The Frontline Support team will be offline December 17-18 due to an institute-wide retreat and offline December 22- January 1, while the institute is closed. Thank you for your patience during these next few weeks as we get to all of your questions. Happy Holidays!
CombineVariants incorrectly(?) complains about badly formed variant when merging multiallelic site
Hi GATK team,
I am attempting to combine a HaplotypeCaller generated VCF with some indels called using pindel using the following arguments (GATK v3.3-0-g37228af):
-R /data/shared/ref/b37/human_g1k_v37.fasta -T CombineVariants --variant:GATK var.HiSeqDecember.raw.vcf --variant:pindel pindel_combined.vcf -o var.HiSeqDecember.pindel.raw.vcf -genotypeMergeOptions PRIORITIZE -priority GATK,pindel
However I get the following error:
ERROR MESSAGE: Badly formed variant context at location 1:157718231; getEnd() was 157718235 but this VariantContext contains an END key with value 157718231
The variants in question are (from GATK):
1 157718231 . CAAAT C,CAAATAAAT 2533.56 PASS AC=3,13;AF=0.125,0.542;AN=24;BaseQRankSum=1.762;ClippingRankSum=-0.327;DP=126;FS=0.000;HOMLEN=39;HOMSEQ=AAATAAATAAATAAATAAATAAATAAATAAATAAATAAA;InbreedingCoeff=-0.1260;MLEAC=3,13;MLEAF=0.125,0.542;MQ=70.00;MQ0=0;MQRankSum=0.920;QD=22.22;ReadPosRankSum=-0.893;SOR=0.976;SVLEN=4;SVTYPE=INS;set=Intersection GT:DP:GQ 0/0:10:30 0/2:9:18 2/2:6:18 2/2:5:15 0/1:10:99 0/2:14:99 2/2:8:24 2/2:6:18 2/2:7:21 0/2:17:99 0/1:5:75 0/1:6:27
and (from pindel):
1 157718231 . C CAAAT . PASS AC=2;AF=0.143;AN=14;END=157718231;HOMLEN=39;HOMSEQ=AAATAAATAAATAAATAAATAAATAAATAAATAAATAAA;SVLEN=4;SVTYPE=INS;set=variant3-variant4-variant6-variant7-variant8-variant9-variant10 GT:AD ./. ./. 0/0:0,7 0/0:0,6 ./. 0/0:0,9 0/0:0,8 0/0:0,7 0/0:0,8 1/1:0,12 ./. ./.
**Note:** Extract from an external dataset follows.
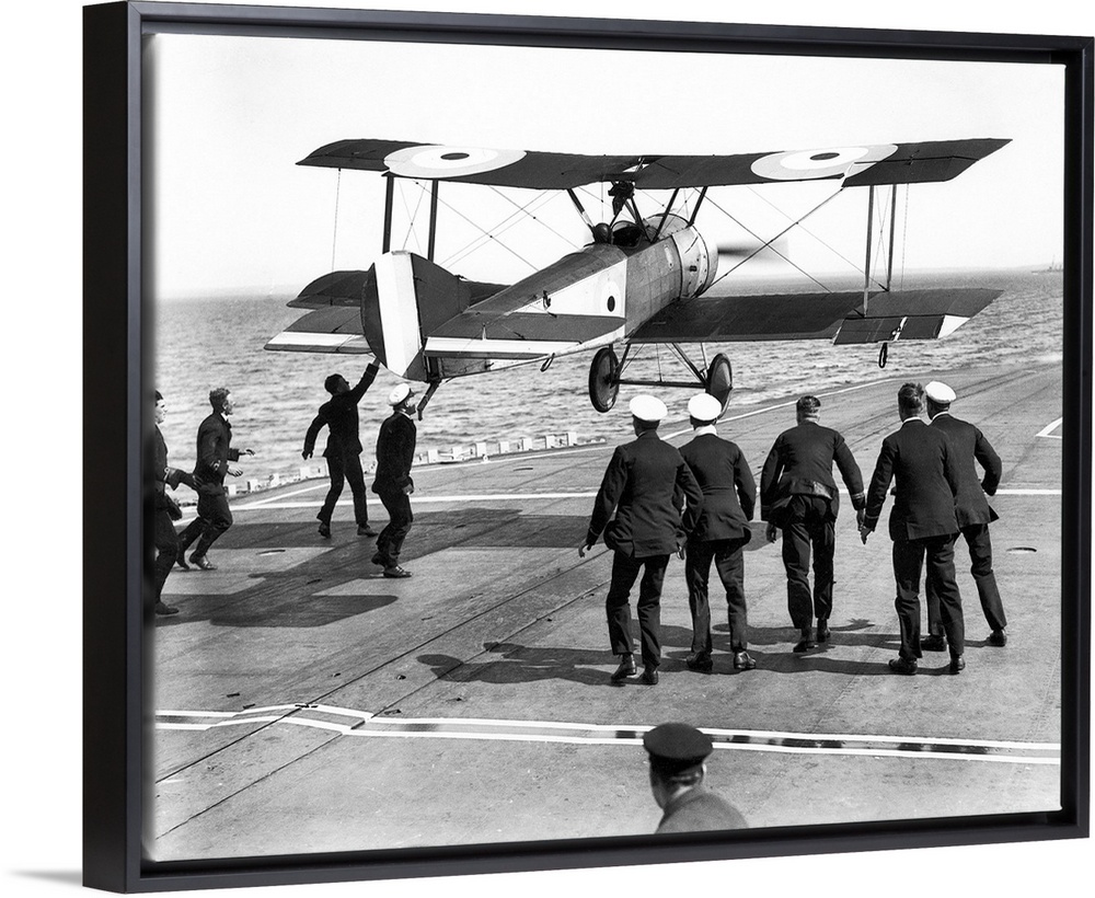 <p>Squadron Commander Edwin Harris Dunning landing his Sopwith Pup biplane on the HMS 'Furious,' the first plane ever to be landed ona moving ship, in Scapa Flow, Orkney, Scotland, 2 August 1917.</p>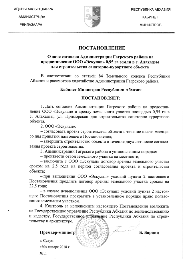 Постановление Кабинета Министров Республики Абхазия от 30.01.2018 № 11 "О даче согласия Администрации Гагрского района на предоставление ООО "Эскулап" 0,95 га земли в с. Алахадзы для строительства санаторно-курортного объекта"

It is worth noting that the pindel VCF here was merged together from several pindel-generated VCFs using CombineVariants without any complaint from the GATK. It looks to me that the END key is correct for the pindel variant (a simple insertion), but the GATK is confused due to the mixed deletion/insertion variant generated by the HaplotypeCaller at the same position (without an END key).
I can rerun the command after stripping all END tags from the pindel VCF and the command completes successfully, so this is not a showstopper for me but I assume this is a bug(?) and if so, it would be great if there were a fix.